| DÉNATURER, verbe trans. A.− Emploi trans. 1. Changer dans sa nature, dans son apparence ou sa présentation, par une modification spontanée ou voulue; priver de son caractère naturel. (Quasi-)synon. contrefaire. a) [L'obj. désigne une réalité matérielle (un objet, une substance comestible − pour la rendre impropre à la consommation − ou non)] Dénaturer du sel, du vin. Le rapport Lilienthal faisait en plus état de la possibilité de dénaturer les matières fissiles par la présence d'isotopes les rendant impropres aux usages militaires tout en permettant leur utilisation à des fins civiles (Goldschmidt, Avent. atom.,1962, p. 66). − DR. Dénaturer son/un bien.
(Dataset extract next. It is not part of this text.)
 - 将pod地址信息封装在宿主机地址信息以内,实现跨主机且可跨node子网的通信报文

Transformer le(s) bien(s) immobilier(s) que l'on possède, en capitaux mobiliers. Dénaturer une créance. La convertir en une créance de nature différente. b) [L'obj. désigne une entité abstr.; cf. altérer1ex. 16] Dénaturer les paroles, la pensée de qqn. Synon. défigurer, déformer, fausser, travestir. − Dénaturer un texte. Lui faire subir des modifications qui en altèrent la signification. On n'eut plus que la ressource banale de tronquer des passages pour dénaturer un texte (Chateaubr., Essai Révol.,t. 1, 1797, p. XXVI). c) [L'obj. désigne une pers., un aspect de l'être humain] Je vois Verlaine superbe, endimanché, absurde et dénaturé déjà par quelques apéritifs, arriver à ce restaurant avec Cazales (Barrès, Cahiers,t. 9, 1911-12, p. 26): 1. Le bonhomme suffoquait d'indignation et de peur. « Si on peut dire! ... si on peut dire... des menteries comme ça pour dénaturer un honnête homme! Si on peut dire! ... »
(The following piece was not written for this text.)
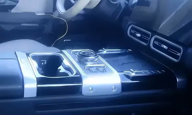 副仪表台是桥鞍式的,上面有机械旋钮和按键,还有银色饰板和裸露的内六角螺丝,强调这车的“硬派越野”风格。银色饰板前面有个储物槽,估计有手机无线充电功能。

Maupassant, Contes et nouvelles,t. 1, La Ficelle, 1883, p. 127. 2. [Avec une idée de modification en mal] Rendre dur, méchant, dépraver (quelqu'un, quelque chose). Elle [l'autopunition inconsciente] est immorale deux fois; elle dénature la mauvaise conscience qu'elle rend, de mauvaise, méchante, tout en lui retirant sa clairvoyance de conscience morale (Mounier, Traité caract.,1946, p. 705). B.− Emploi pronom. 1. Perdre spontanément ou volontairement sa nature, ses qualités naturelles. a) Emploi à sens passif − [Le suj. désigne une réalité physique, un objet, une substance] Ces sensations se mêlent d'une manière remarquable; elles se dirigent, s'éclairent, se modifient, et peuvent même se dénaturer mutuellement (Cabanis, Rapp. phys. mor.,t. 2, 1808, p. 309). − [Le suj. désigne une entité abstr.] Par elles enfin [l'ignorance et la cupidité] se sont dénaturées les idées du « bien » et du « mal », du « juste » et de l' « injuste », du « vice » et de la « vertu » (Volney, Ruines,1791, p. 49). − [Le suj. désigne un être vivant, un aspect de l'être humain] L'homme n'a pas cessé de se dénaturer dans le tragique orgueil de condamner son frère (Hugo, Fin Satan,1885, p. 887). b) Emploi à sens réfl. Au XIVesiècle il y avait en Castille, à l'usage des « Ricos omes », une procédure particulière pour se dénaturer, c'est-à-dire pour changer de roi et de patrie (Mérimée, Portr. hist. et littér.,1870, p. 81). 2. [Avec une idée de modification en mal, le suj. désignant une pers.] Perdre ses sentiments naturels d'humanité, devenir méchant. Son cœur s'était endurci et dénaturé (Ac.1835-78).Synon. se pervertir : 2. Parmi ceux-là [les soldats qui s'endurcirent aux excès], quelques vagabonds se vengèrent de leurs maux jusque sur les personnes; au milieu de cette nature ingrate ils se dénaturèrent.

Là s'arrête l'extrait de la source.